With this service the Coupa customer is not only able to transfer the effort and complexity for administering the SWIFT Setup to experts, but can also get support in regards to the mandatory SWIFT CSP Assessment. Still there are a few obligations remaining in the responsibility of the customer (e.g. BIC Validation, User account prolongation).

This document describes the Coupa SWIFT Services capabilities of helping organizations to address each of the components necessary for managing the Tokens and perform a security assessment.

SWIFT Services Prerequisites 

  • Coupa retains and maintains the client’s tokens.

  • Coupa treasury software is operated in the cloud.

Who Are “Coupa SWIFT Services” Clients?

Any customer who is a member of the SWIFT network and has their own BIC is subject to SWIFT regulations.
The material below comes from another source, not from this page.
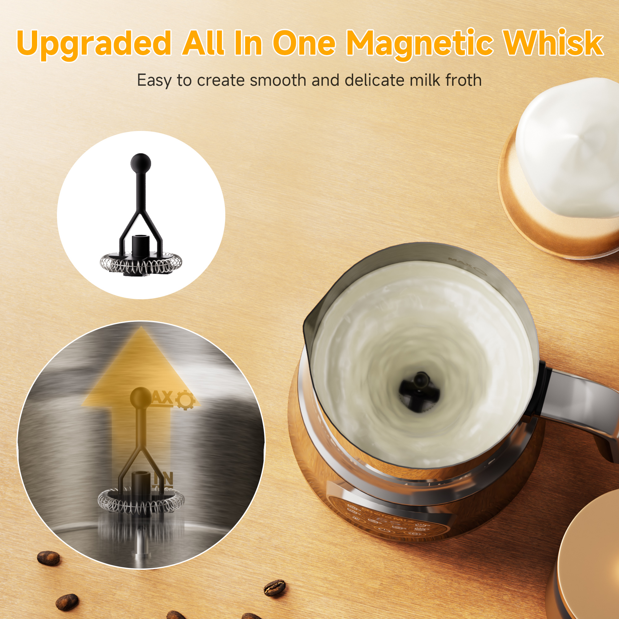【QUIET & QUICK START】: Touch the setting button to select function, selected function LED light on andstart working automatically if no further operation, and start making your milk foam in three seconds, using magnetic drive technology, which can effectively reduce noise and vibration, quickly and quietly whips out rich, fine, long-lasting foam within 3 minutes.

All clients using the network underlie the SWIFT Customer Security Programme (CSP) and have to be compliant with the SWIFT regulatory framework.

Business challenge(s) addressed

Companies, especially treasury departments, want to use the SWIFT network as a central communication channel for payments and account statements. However, this connection entails a number of obligations. Fulfilling these obligations can require in-depth knowledge and sometimes be time-consuming. 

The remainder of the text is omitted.